* Task objective *
In the material below, begin at the line that has "Statistics from WebCargo", stop after the line that has "Magnifique coussin décoratif", and transcribe those lines exactly, without pictures.

* Supplied material *
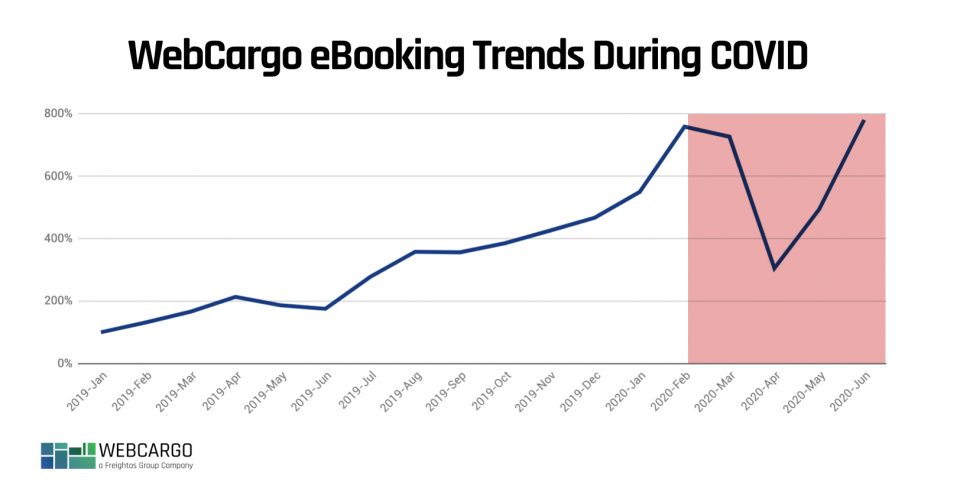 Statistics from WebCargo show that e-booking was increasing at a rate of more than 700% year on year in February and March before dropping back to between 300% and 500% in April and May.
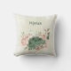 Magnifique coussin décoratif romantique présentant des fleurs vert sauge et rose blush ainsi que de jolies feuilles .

--

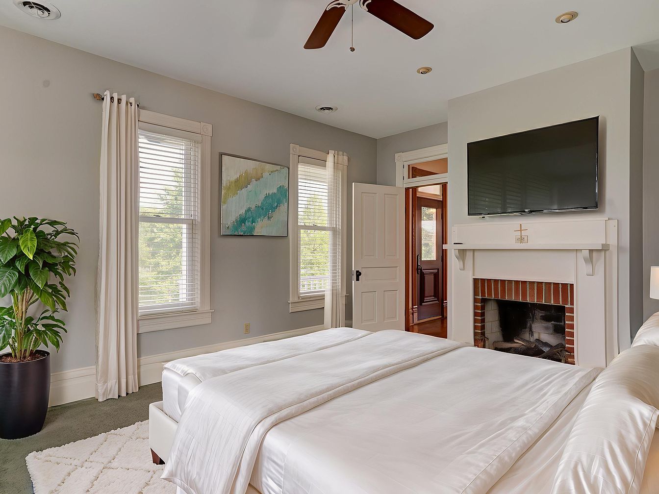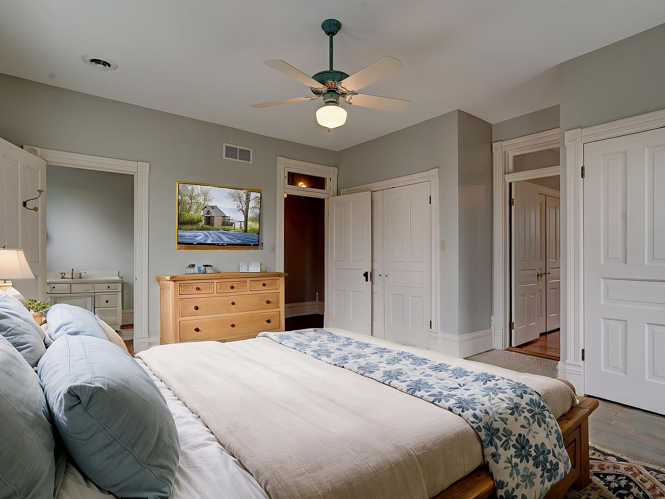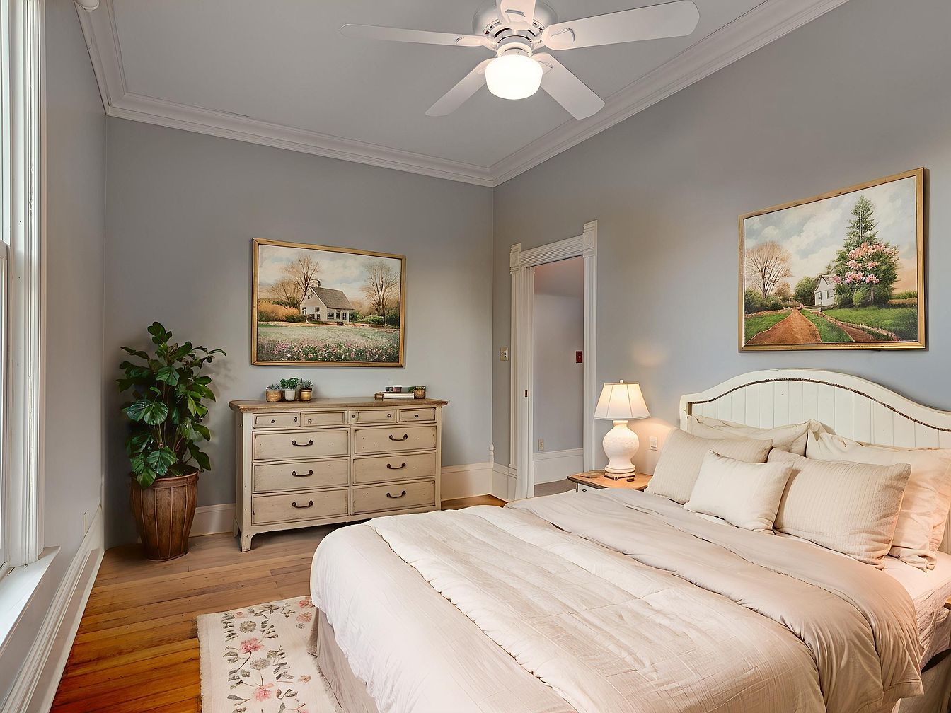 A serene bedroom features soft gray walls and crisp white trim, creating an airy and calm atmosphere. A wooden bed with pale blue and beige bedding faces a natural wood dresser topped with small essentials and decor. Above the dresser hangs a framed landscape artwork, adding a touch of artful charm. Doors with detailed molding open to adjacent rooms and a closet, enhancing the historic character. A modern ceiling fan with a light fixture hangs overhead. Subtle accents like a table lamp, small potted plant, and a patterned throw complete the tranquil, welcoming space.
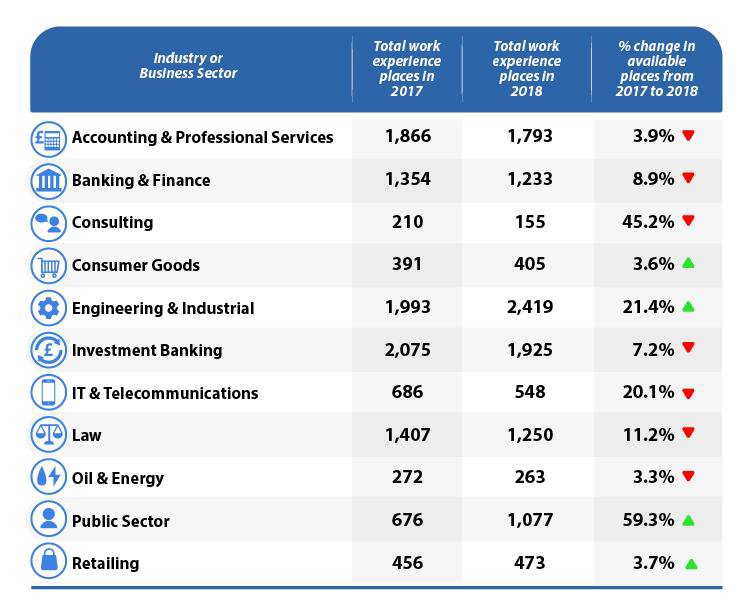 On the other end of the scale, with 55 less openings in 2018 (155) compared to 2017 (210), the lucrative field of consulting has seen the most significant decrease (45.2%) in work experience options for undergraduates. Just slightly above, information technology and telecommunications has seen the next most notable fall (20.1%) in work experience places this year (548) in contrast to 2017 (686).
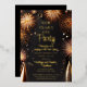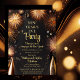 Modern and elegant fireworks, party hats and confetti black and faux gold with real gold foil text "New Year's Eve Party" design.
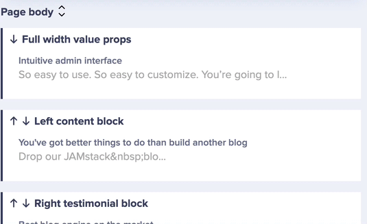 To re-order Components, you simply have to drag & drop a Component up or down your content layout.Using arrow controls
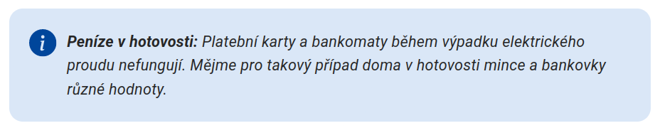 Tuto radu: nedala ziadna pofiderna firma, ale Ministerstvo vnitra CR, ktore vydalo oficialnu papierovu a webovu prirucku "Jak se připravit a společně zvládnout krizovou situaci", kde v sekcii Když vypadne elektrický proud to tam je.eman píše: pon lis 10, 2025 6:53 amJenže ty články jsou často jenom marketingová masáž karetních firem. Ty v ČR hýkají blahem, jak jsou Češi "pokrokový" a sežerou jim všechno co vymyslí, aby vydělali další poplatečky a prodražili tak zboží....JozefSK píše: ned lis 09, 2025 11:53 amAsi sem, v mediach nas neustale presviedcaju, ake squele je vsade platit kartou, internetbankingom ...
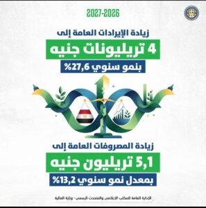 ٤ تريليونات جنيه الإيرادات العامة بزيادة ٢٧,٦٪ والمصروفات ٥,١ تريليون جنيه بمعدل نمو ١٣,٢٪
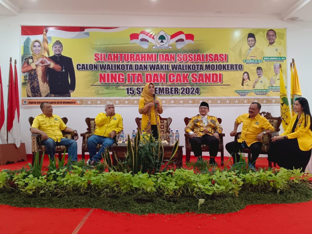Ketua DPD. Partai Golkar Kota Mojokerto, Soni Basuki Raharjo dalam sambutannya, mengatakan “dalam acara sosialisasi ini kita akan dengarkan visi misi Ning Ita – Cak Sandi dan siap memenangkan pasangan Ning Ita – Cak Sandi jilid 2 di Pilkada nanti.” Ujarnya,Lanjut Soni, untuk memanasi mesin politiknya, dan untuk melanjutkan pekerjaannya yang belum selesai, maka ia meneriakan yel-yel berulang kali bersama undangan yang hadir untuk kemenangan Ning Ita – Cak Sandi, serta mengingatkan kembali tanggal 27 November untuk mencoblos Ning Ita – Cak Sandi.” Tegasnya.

* Result below *
 Statistics from WebCargo show that e-booking was increasing at a rate of more than 700% year on year in February and March before dropping back to between 300% and 500% in April and May.
 Magnifique coussin décoratif romantique présentant des fleurs vert sauge et rose blush ainsi que de jolies feuilles .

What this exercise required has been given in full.